**INFORMATION SUPPLIED**

_ _ _ _ _

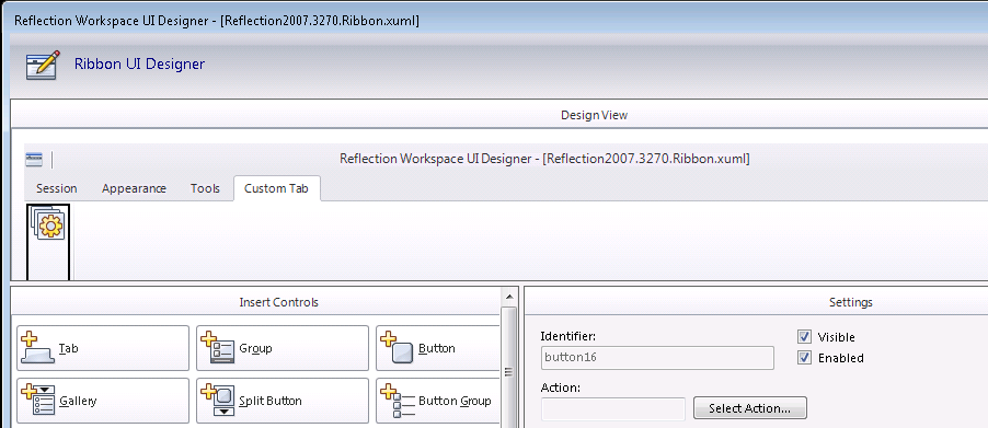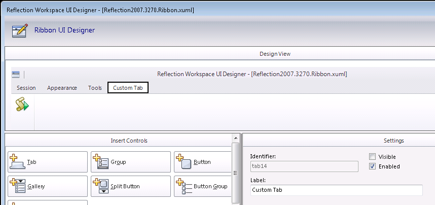 10. Back in the UI Designer, click OK and then enter the name of the new Ribbon (.xuml) file.
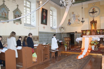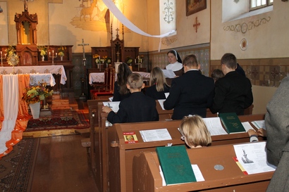 Taigi ir šį kartą kunigas mielai atvyko į bažnyčią. Po įžanginės giesmės bei tikybos mokytojos pristatytos pamaldų eigos, lydint gitaros akordams ir giesmei, prašant Jėzų ateiti, ant žvakelių šviesa spindinčio altoriaus jis atnešė Švč. Sakramentą. To tylios maldos dėmesys buvo nukreiptas į išdalytus tekstus. Visi susirinkusieji turėjo progos dviem chorais pagal suolų eiles pasimelsti Biblijos psalmių tekstais, tarsi valandų liturgijoje. 33-oji psalmė prasidėjo, o 15-oji psalmė pasibaigė bendru tarsi mažon kaimo bažnytėlėn kukliai susirinkusios tautos pažadą išreiškiančiu atliepu: „Vaikščiosiu, Viešpatie, Tavo šviesos tiesoje.“
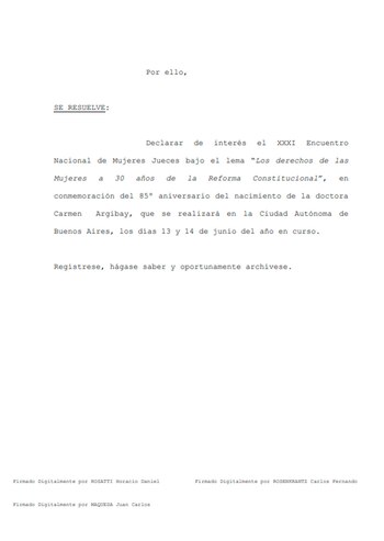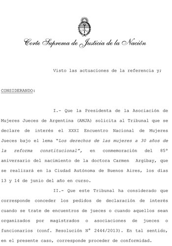 La resolución de la Corte, con firma digital de Rosatti, Maqueda y Rosenkrantz, dice, textualmente: “Declarar de interés el XXXI Encuentro Nacional de Mujeres Jueces bajo el lema ‘Los derechos de las Mujeres a 30 años de la Reforma Constitucional’, en conmemoración del 85º aniversario del nacimiento de la doctora Carmen Argibay, que se realizará en la Ciudad Autónoma de Buenos Aires, los días 13 y 14 de junio del año en curso”.
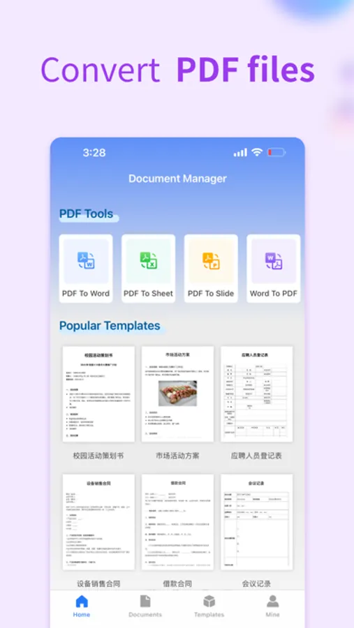 Document Manager supports online editing of documents such as Word, Excel, PPT, PDF, etc. You can import Word documents and Excel tables from your phone for editing, or create new Word, Excel, PPT, and PDF files.

_ _ _ _ _

Write the material above out again exactly. Omit every image.

 10. Back in the UI Designer, click OK and then enter the name of the new Ribbon (.xuml) file.
 Taigi ir šį kartą kunigas mielai atvyko į bažnyčią. Po įžanginės giesmės bei tikybos mokytojos pristatytos pamaldų eigos, lydint gitaros akordams ir giesmei, prašant Jėzų ateiti, ant žvakelių šviesa spindinčio altoriaus jis atnešė Švč. Sakramentą. To tylios maldos dėmesys buvo nukreiptas į išdalytus tekstus. Visi susirinkusieji turėjo progos dviem chorais pagal suolų eiles pasimelsti Biblijos psalmių tekstais, tarsi valandų liturgijoje. 33-oji psalmė prasidėjo, o 15-oji psalmė pasibaigė bendru tarsi mažon kaimo bažnytėlėn kukliai susirinkusios tautos pažadą išreiškiančiu atliepu: „Vaikščiosiu, Viešpatie, Tavo šviesos tiesoje.“
 La resolución de la Corte, con firma digital de Rosatti, Maqueda y Rosenkrantz, dice, textualmente: “Declarar de interés el XXXI Encuentro Nacional de Mujeres Jueces bajo el lema ‘Los derechos de las Mujeres a 30 años de la Reforma Constitucional’, en conmemoración del 85º aniversario del nacimiento de la doctora Carmen Argibay, que se realizará en la Ciudad Autónoma de Buenos Aires, los días 13 y 14 de junio del año en curso”.
 Document Manager supports online editing of documents such as Word, Excel, PPT, PDF, etc. You can import Word documents and Excel tables from your phone for editing, or create new Word, Excel, PPT, and PDF files.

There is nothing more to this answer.